The Blue Pool is a little known spot on the southeastern tip of the island of Maui. It is absolutely gorgeous, but difficult to find. Directions in Hawaii are generally a bit obscure in any case, but to find the blue pool, you need to either find a guidebook with good directions, or find a native who knows its location.

Once you know how, the path is reasonably simple. There is a dirt road about three miles (five kilometers) long leading off of the Hana highway toward the shoreline. The road curves down past a state park, through several small plantations, and through a couple of creek beds before terminating in a small flat dirt parking area. There's often a grizzled old man sitting there looking out toward the ocean. The parking here is pretty safe, unlike other areas on the island where you can find freshly broken safety glass on the ground at most any remote tourist attraction. (The common advice is to take your valuables with you and leave your doors unlocked and the windows down. If the thieves can see nothing's there, they will leave your car alone.)

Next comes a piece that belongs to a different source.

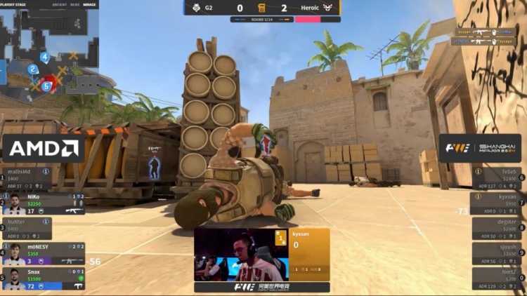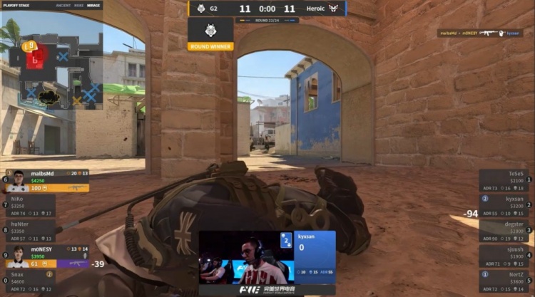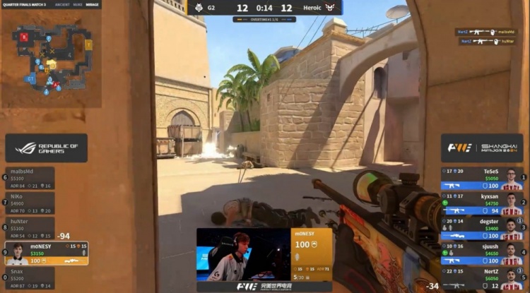 易边再战,加时第四局malbsmd独自看A,随后Monesy回A防守,kyxsan中路走拱门拿信息,monesy大狙看住拱门,A二楼出人被缴,Heroic冲A未果被团灭,Heroic13-15G2。

After you park, you must wade across a shallow inlet by the ocean shore, and hike about 300 yards/meters up the shoreline over a field of small boulders. A quick climb about ten feet up over a larger pile brings you within view of the pool, and a climb down the other side brings you to its edge. The pool is about 100 feet (30 meters) across, and 10-15 feet (3-5 meters) deep. It is perpetually filled by a wide waterfall comprising the entire island-side of the pool. The water plummets from a high cliff, and keeps the pool brimming with frigid water. (Other things often plummet as well, including sticks, fish, and small boulders, leading most competent guidebooks to mention that it's not really a good idea to sit under waterfalls like the naked women in Tarzan movies tend to do.)

The view from the huge boulders edging the pool is nothing short of spectacular. The bright blue sky on one side with the sun glimmering off the crests of the waves contrasts with the rugged beauty of the black lava-rock wall towering over the pool on three sides. The roaring of the water cascading down the full width of the cliff competes for your attention agains the waves breaking on the boulder-strewn shore.

Anyone who makes it to this natural wonder is obligated to enter its icy waters if only to say they have done so. A swim across the entire pool from boulders to the base of the falls under the surface, while looking down through the crystal-clear water at the shining fish and the head-sized smooth boulders randomly covering the bottom, is literally breathtaking. There is no doubt after that swim that the "blue" in the pool's title could as well refer to the swimmers color after such a feat as to the pool itself. I'm still shivering.